The Cache | techdebt.blog

mode:

click Step or Play to inspect cache state

the problem

Databases are slow. Not because they are badly written, but because durable storage is physically slow. A network round trip to a database takes milliseconds. A lookup in local memory takes nanoseconds. That is a difference of six orders of magnitude.

A cache sits between the consumer and the source of truth, storing copies of hot data in a faster medium. When the data you need is already cached, you skip the slow path entirely. When it is not, you pay the full cost plus the overhead of checking.

The question is never whether to cache. The question is what to cache, when to invalidate, and what consistency guarantees you need.

cache-aside

The simplest pattern. The application checks the cache first. On a miss, it reads from the database, stores the result in the cache, and returns it. On a write, the application updates the database and either invalidates or updates the cache entry.

read(key):
  value = cache.get(key)
  if value is null:        // miss
    value = db.get(key)
    cache.set(key, value)
  return value             // hit or freshly cached

Cache-aside gives the application full control. It works well when read patterns are predictable and cache misses are tolerable. The downside is that the application must manage both the cache and the database, and there is always a window where the two can diverge.

write-through vs write-back

Write-through writes to the cache and the database on every write. The cache is always consistent with the database, but every write pays the full database latency. Simple and safe.

Write-back (also called write-behind) writes to the cache only, marking the entry as dirty. Dirty entries are flushed to the database later, in batches or on a timer. Writes are fast because they never wait for the database. But if the cache crashes before flushing, those writes are gone.

The tradeoff is clear: write-through trades write latency for durability. Write-back trades durability for write latency. Most systems default to write-through and only use write-back when write throughput is critical and some data loss is acceptable.

eviction

Caches have finite capacity. When the cache is full and a new entry needs space, something must go. Eviction policies decide what to remove.

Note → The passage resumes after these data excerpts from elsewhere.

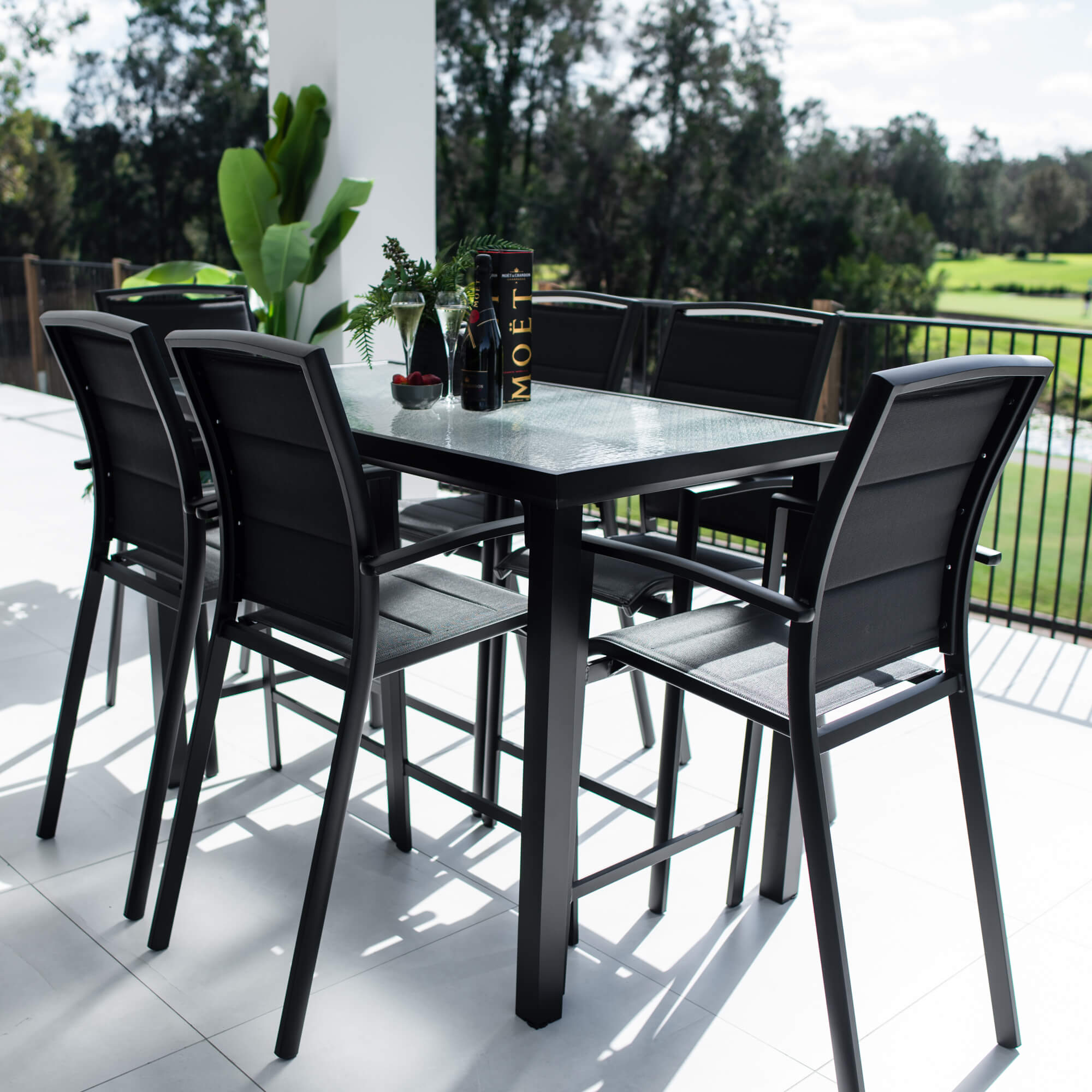 The 7pce Shelby Hudson (150x80) Bar Set is a great addition to any outdoor entertaining area.
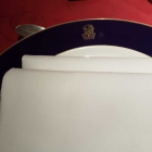 Auf dem Tisch eine schwere rote Decke über einer weißen. Darauf ein blaues Stielglas fürs Wasser und ein klares für Wein. Weiße Stoffservietten und silbernes Besteck umrahmen einen Setzteller, der mit Kobalt- und feinem Goldrand sowie güldenem Wappen aufwartet. Mit einem Wort: Grandezza!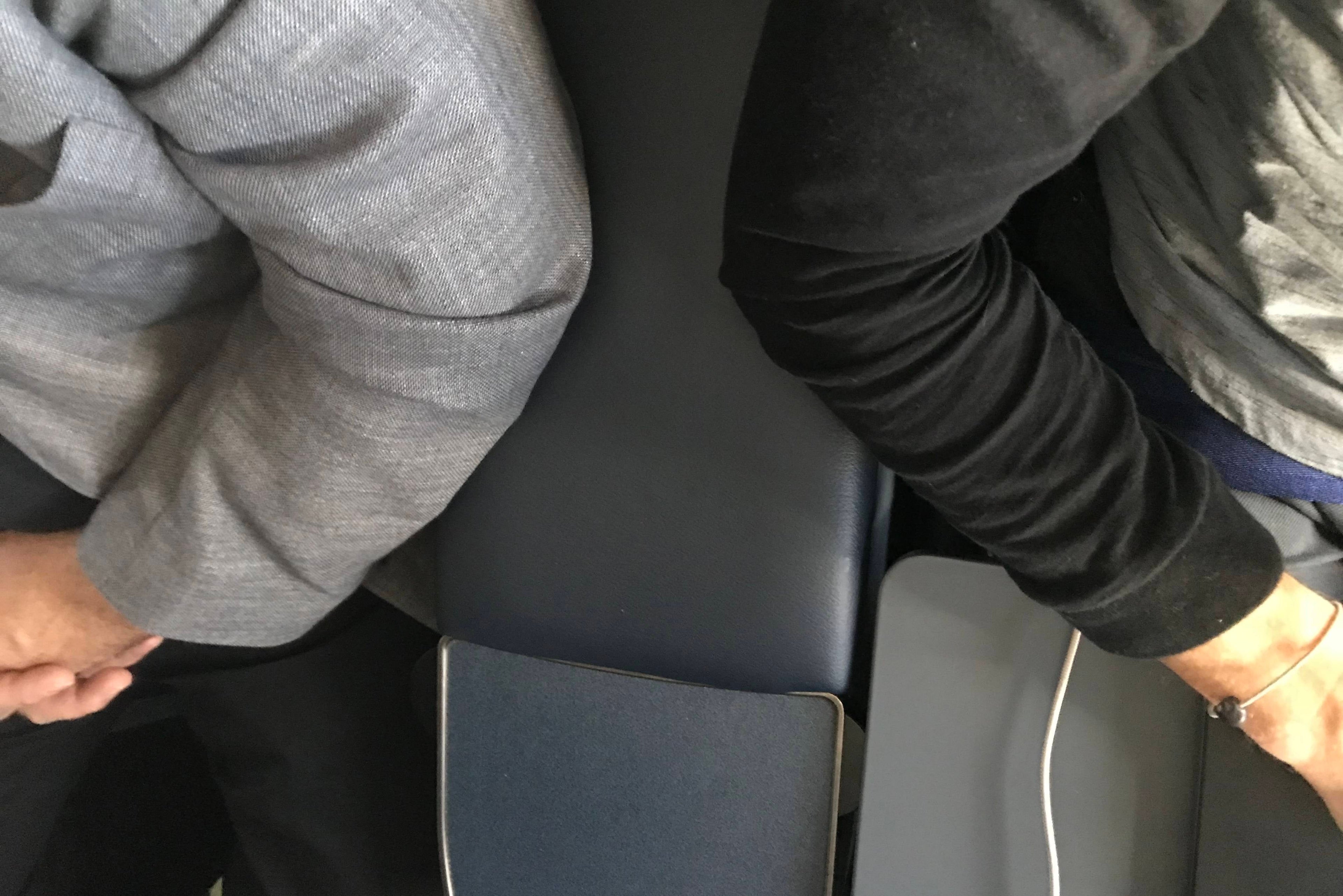 I'm 5 feet, 10 inches, and the 34-inch pitch was plenty — enough to even cross my legs. The 20-inch seat width was also roomy and comfy. Even the appearance of the chairs, which widened toward the top, resembled other first domestic first-class seats. The middle armrest was plenty big for both me and the aisle passenger.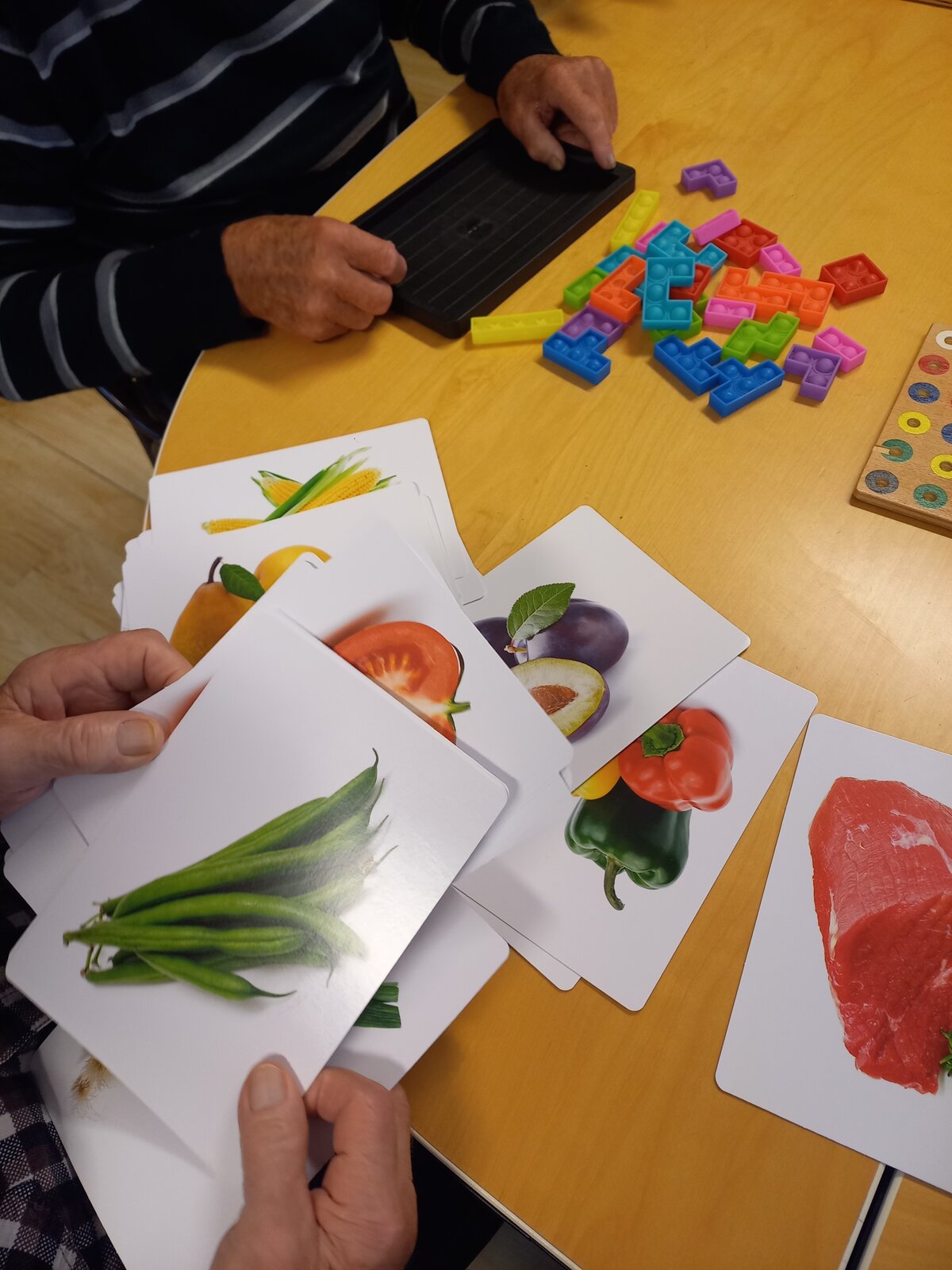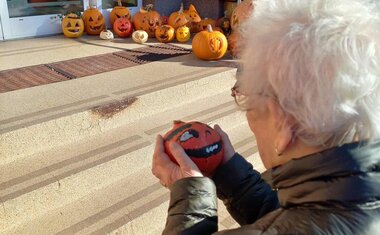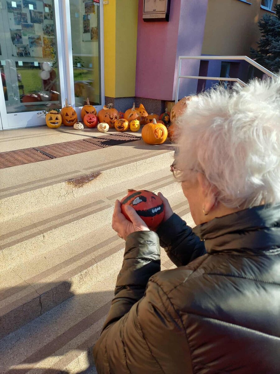 Během dopoledních aktivit využíváme různé pomůcky k procvičení rukou a postřehu, které pomáhají klientům zůstat aktivní a v dobré náladě. Když přeje počasí, vyrážíme i na procházky nebo krátké posezení venku. Při jedné listopadové takové sluníčkové procházce před školu jsme potkali i strašidla z dýní... a hned jsme měli téma do tajenky .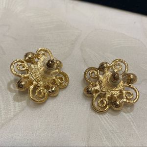 Vintage signed AJC gold tone pierced earrings with faux pearls and rhinestones. New without tags. Earrings measure 1 1/4 inches in diameter.
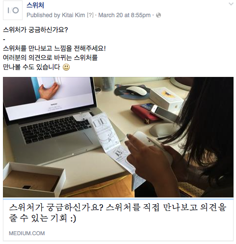 지난 포스팅 에는 스위처 고객 방문을 인원을 모집하기 위한 고객방문 설명&모집 글을 작성했다.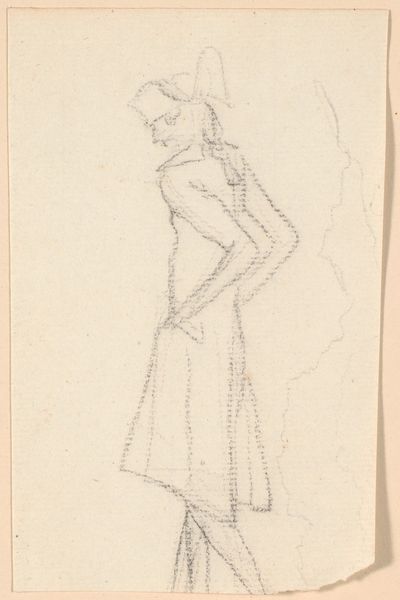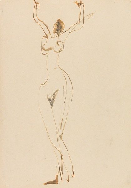 Curator: Immediately, there's something delightfully sardonic about this image. Like a private joke being whispered just beyond my earshot. Editor: Today, we are looking at a drawing from 1893 by Henri de Toulouse-Lautrec titled "Yvette Guilbert." Curator: Ah, yes, a study of the performer. It's minimal but captures so much! Look at how a few confident strokes define the angle of her nose and the upward tilt of her chin, suggesting both vanity and amusement. The blue shading on her dress provides dimensionality. Editor: Exactly. Note how the stark black of the gloves creates a dramatic tension with the paper’s tawny background. Their linearity contrasts nicely with the softer, more suggestive lines defining her face and body. We observe a fascinating interplay of forms. Curator: She's flaunting, yet world-weary; an actress who's seen it all, almost like a knowing glance in your direction. And the posture! So theatrical, but restrained. The upturned gesture of the glove almost parodies the high-society elite. Editor: The gloves really dominate—extending, assertive dark forms on the pale canvas—becoming both elegant adornment and semiotic marker of her performance identity. Are they armor, tools, or simply fashionable concealment? It feels intentionally ambiguous. Curator: The more I look, the more that minimal application of pigment serves the portrait. Each deliberate choice, line, shadow—it communicates beyond a mere rendering. I think, even, we are dealing here with proto-cinematic ideas: pose, light, motion all arrested on a two-dimensional picture plane. Editor: A bold assertion but convincingly observed in its form and content. One can’t help but acknowledge that Lautrec’s work here transcends a straightforward likeness, moving towards some raw statement about performance, persona, and public gaze in the nascent age of modern celebrity. I, for one, find that remarkable in such a subtle impression. Curator: A testament to both subject and artist. What remains unspoken, often reverberates more intensely than a loudly declared statement. Editor: Indeed. There’s an honesty present within the deliberate imperfection that echoes beyond her age, or ours.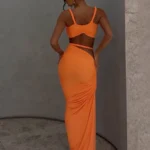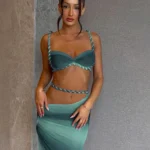 Conjunto de duas peças composto por top curto e saia longa. Além disso a peça é confeccionada em mistura de poliéster e elastano com silhueta bainha e comprimento até o chão.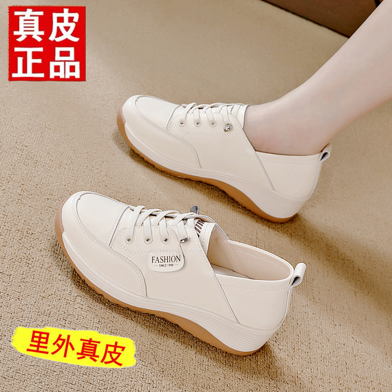 真皮运动鞋女2025年秋季新款厚底轻便旅游鞋百搭防滑休闲跑步鞋女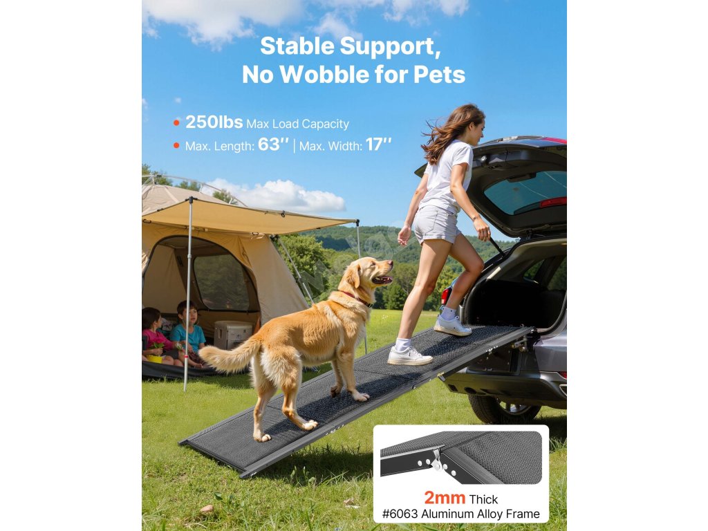 Tato 63palcová prodloužená rampa pro domácí mazlíčky s vysoce pevným hliníkem 6063 a 2mm zesíleným rámem unese až 250 kg. Robustní konstrukce zabraňuje houpání a protiskluzový povrch udržuje stabilitu domácích zvířat při pohybu nahoru nebo dolů.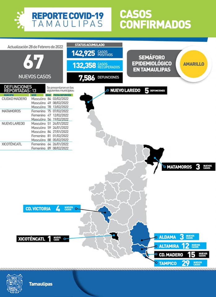 Para continuar con la tendencia descendente en el número de casos de COVID-19, la Secretaría de Salud de Tamaulipas pidió a la población reforzar las medidas de prevención universales y no bajar la guardia ya que la emergencia sanitaria continúa activa.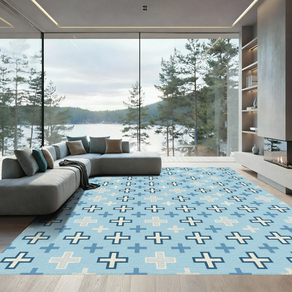 Sky Blue Cross Geometric Tile Rug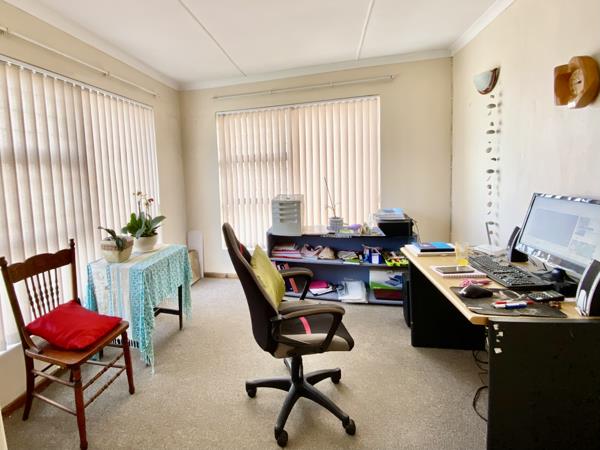 Ideal family home offers 3 bedrooms (main en suite and walk-in) all built-in cupboards plus bathroom (bath, shower, loo, basin) Open plan lounge - dining area double doors leading onto a large undercover stoep. Farm style kitchen, scullery. Entrance hall doubles up to a study. Double garage with direct access into kitchen.

LRU (Least Recently Used) evicts the entry that has not been accessed for the longest time. The assumption is that recently accessed data is likely to be accessed again. Implemented with a doubly-linked list and a hash map for O(1) lookups and evictions.

LFU (Least Frequently Used) evicts the entry with the fewest accesses. Better for workloads with stable hot sets, but more complex to implement and slower to adapt to changing access patterns.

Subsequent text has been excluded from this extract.